Derivative of $f(x)$ in $x_0$: $$ f'(x_0) = \lim\limits_{h \rightarrow 0}\frac{f(x_0+h) - f(x_0)}{h}$$

Derivative shows the slope of tangent line in $x_0$

If $x_0$ is extreme point of $f(x)$ and $f'(x_0)$ exists $\Rightarrow$ $f'(x_0) = 0$

In [21]:

interact(deriv_demo, h=FloatSlider(min=0.0001, max=2, step=0.005), x0=FloatSlider(min=1, max=15, step=.2))

Out[21]:

<function __main__.deriv_demo>

Tiny Refresher¶

In multidimential world we switch to gradients and directional derivatives: $$ f'_v(x_0) = \lim\limits_{h \rightarrow 0}\frac{f(x_0+hv) - f(x_0)}{h} = \frac{d}{dh}f(x_{0,1} + hv_1, \dots, x_{0,d} + hv_d) \rvert_{h=0}, \quad ||v|| = 1 \quad \text{directional derivatives}$$

$$ \frac{ \partial f(x_1,x_2,\dots,x_d)}{\partial x_i} = \lim\limits_{h \rightarrow 0}\frac{f(x_1, x_2, \dots, x_i + h, \dots, x_d) - f(x_1, x_2, \dots, x_i, \dots, x_d)}{h} \quad \text{partial derivative}$$$$ \nabla f = \left(\frac{\partial f}{\partial x_i}\right),\quad i=1\dots d \quad \text{Gradient = a vector of partial derivatives}$$

Tiny Refresher¶

Unsing multivariate chain rule:

$$ f'_v(x_0) = \frac{d}{dh}f(x_{0,1} + hv_1, \dots, x_{0,d} + hv_d) \rvert_{h=0} = \sum_{i=1}^d \frac{\partial f}{\partial x_i} \frac{d}{dh} (x_{0,i} + hv_i) = \langle \nabla f, v \rangle$$$$ \langle \nabla f, v \rangle = || \nabla f || \cdot ||v|| \cdot \cos{\phi} = || \nabla f || \cdot \cos{\phi}$$

Tiny Refresher¶

$$ \langle \nabla f, v \rangle = || \nabla f || \cdot \cos{\phi}$$

Directional derivative is maximal what direction is collinear to gradient
gradient — direction of steepest ascent of $f(x)$
antigradient — direction of steepest descent of $f(x)$

Given $L(\beta_0, \beta_1)$ calculate gradient (patial derivatives) $$ \frac{\partial L}{\partial \beta_0} = \frac{1}{N}\sum^{N}_{i=1}(\beta_0 + \beta_1x_{n}^1 - y^{n})$$ $$ \frac{\partial L}{\partial \beta_1} = \frac{1}{N}\sum^{N}_{i=1}(\beta_0 + \beta_1x_{n}^1 - y^{n})x^1_{n}$$

Or in matrix form: $$ \nabla_{\beta}L(\beta) = \frac{1}{N} X^\top(X\beta - y)$$

Run gradient update, which is simultaneous(!!!) update of $\beta$ in antigradient direction:

$$ \beta := \beta - \alpha\nabla_{\beta}L(\beta)$$

$\alpha$ - descent "speed"

Pseudocode¶

{python}
1.function gd(X, alpha, epsilon):

2.  initialise beta 

3.  do: 

4.      Beta = new_beta

5.      new_Beta = Beta - alpha*grad(X, beta)

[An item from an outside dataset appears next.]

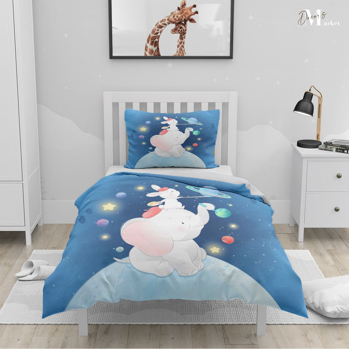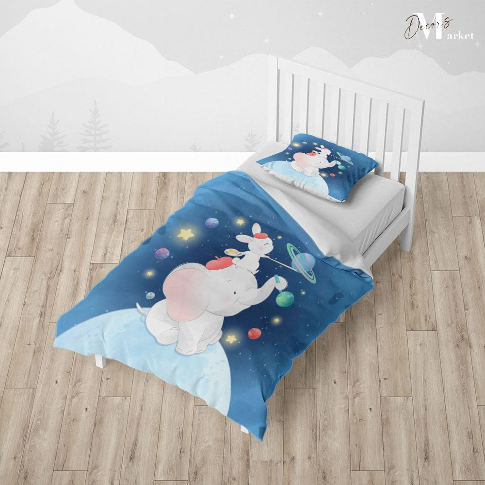 Elephant Space Earth Duvet Cover Set w Pillow Cover, Blue Kids Cartoon 3D Quilt Cover, Single Double Queen King Size Doona Cover

6.  until dist(new_beta, beta) < epsilon

7.  return beta

In [22]:

from sklearn.utils import shuffle

def grad_demo(iters=1, alpha=0.001):
    
    beta0 = np.linspace(-8000, 6500, 100)
    beta1 = np.linspace(5000, 20000, 100)

    x = df_auto.loc[:, ['mileage']]
    x = (x-x.mean(axis=0))/x.std(axis=0)
    y = df_auto.loc[:, 'price'].values
    X = np.c_[x, np.ones(df_auto.shape[0])]


    B0, B1 = np.meshgrid(beta0, beta1)
    L = ((X.dot(np.r_[B0.reshape(1,-1), B1.reshape(1,-1)]) - y.reshape(-1,1))**2).sum(axis=0)/(2*df_auto.shape[0])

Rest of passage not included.